Assigned task = Every line of the listing below from the one with "The tragic story" up to and including the one with "தி.நகர் : சிருங்கேரி" should be retyped exactly, and nothing else; pictures are not part of the copy.

Top of Data shown

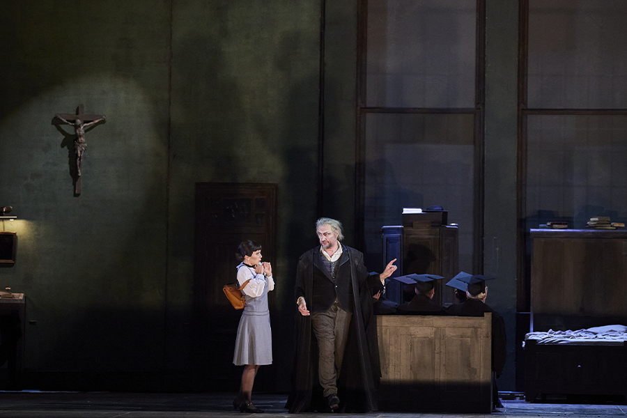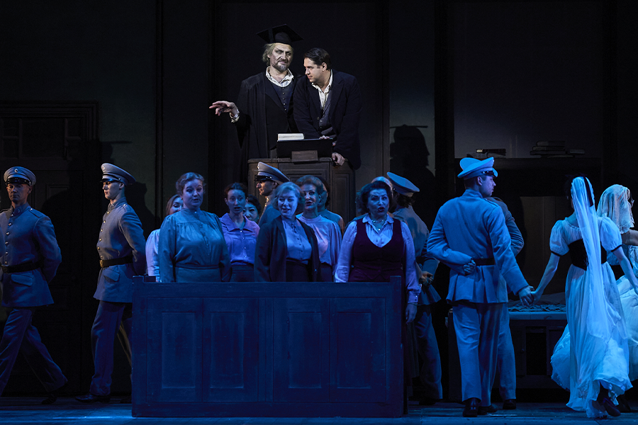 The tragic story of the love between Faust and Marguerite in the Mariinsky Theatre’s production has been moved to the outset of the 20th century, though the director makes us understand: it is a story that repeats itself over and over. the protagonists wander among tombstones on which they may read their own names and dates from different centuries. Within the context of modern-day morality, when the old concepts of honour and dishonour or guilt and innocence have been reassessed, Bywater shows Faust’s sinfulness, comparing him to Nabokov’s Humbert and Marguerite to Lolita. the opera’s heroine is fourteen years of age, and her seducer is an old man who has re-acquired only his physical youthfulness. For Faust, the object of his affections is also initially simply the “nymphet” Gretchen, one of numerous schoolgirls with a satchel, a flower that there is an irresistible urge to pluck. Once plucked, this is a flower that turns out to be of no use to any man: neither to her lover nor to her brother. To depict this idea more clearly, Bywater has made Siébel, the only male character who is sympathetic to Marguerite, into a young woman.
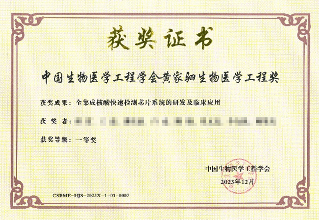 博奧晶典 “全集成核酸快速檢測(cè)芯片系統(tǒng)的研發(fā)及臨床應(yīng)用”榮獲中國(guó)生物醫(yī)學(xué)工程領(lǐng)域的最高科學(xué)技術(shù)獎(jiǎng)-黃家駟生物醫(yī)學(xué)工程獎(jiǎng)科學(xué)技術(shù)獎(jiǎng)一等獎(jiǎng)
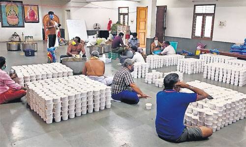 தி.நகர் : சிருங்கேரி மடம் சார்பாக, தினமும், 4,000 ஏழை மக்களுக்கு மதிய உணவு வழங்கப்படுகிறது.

Bottom of Data shown
Top of Data shown

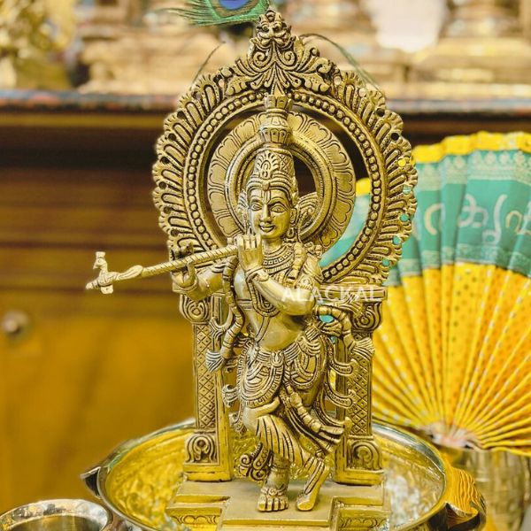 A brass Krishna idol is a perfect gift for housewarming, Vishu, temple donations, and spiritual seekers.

Bottom of Data shown

Worked solution =
 The tragic story of the love between Faust and Marguerite in the Mariinsky Theatre’s production has been moved to the outset of the 20th century, though the director makes us understand: it is a story that repeats itself over and over. the protagonists wander among tombstones on which they may read their own names and dates from different centuries. Within the context of modern-day morality, when the old concepts of honour and dishonour or guilt and innocence have been reassessed, Bywater shows Faust’s sinfulness, comparing him to Nabokov’s Humbert and Marguerite to Lolita. the opera’s heroine is fourteen years of age, and her seducer is an old man who has re-acquired only his physical youthfulness. For Faust, the object of his affections is also initially simply the “nymphet” Gretchen, one of numerous schoolgirls with a satchel, a flower that there is an irresistible urge to pluck. Once plucked, this is a flower that turns out to be of no use to any man: neither to her lover nor to her brother. To depict this idea more clearly, Bywater has made Siébel, the only male character who is sympathetic to Marguerite, into a young woman.
 博奧晶典 “全集成核酸快速檢測(cè)芯片系統(tǒng)的研發(fā)及臨床應(yīng)用”榮獲中國(guó)生物醫(yī)學(xué)工程領(lǐng)域的最高科學(xué)技術(shù)獎(jiǎng)-黃家駟生物醫(yī)學(xué)工程獎(jiǎng)科學(xué)技術(shù)獎(jiǎng)一等獎(jiǎng)
 தி.நகர் : சிருங்கேரி மடம் சார்பாக, தினமும், 4,000 ஏழை மக்களுக்கு மதிய உணவு வழங்கப்படுகிறது.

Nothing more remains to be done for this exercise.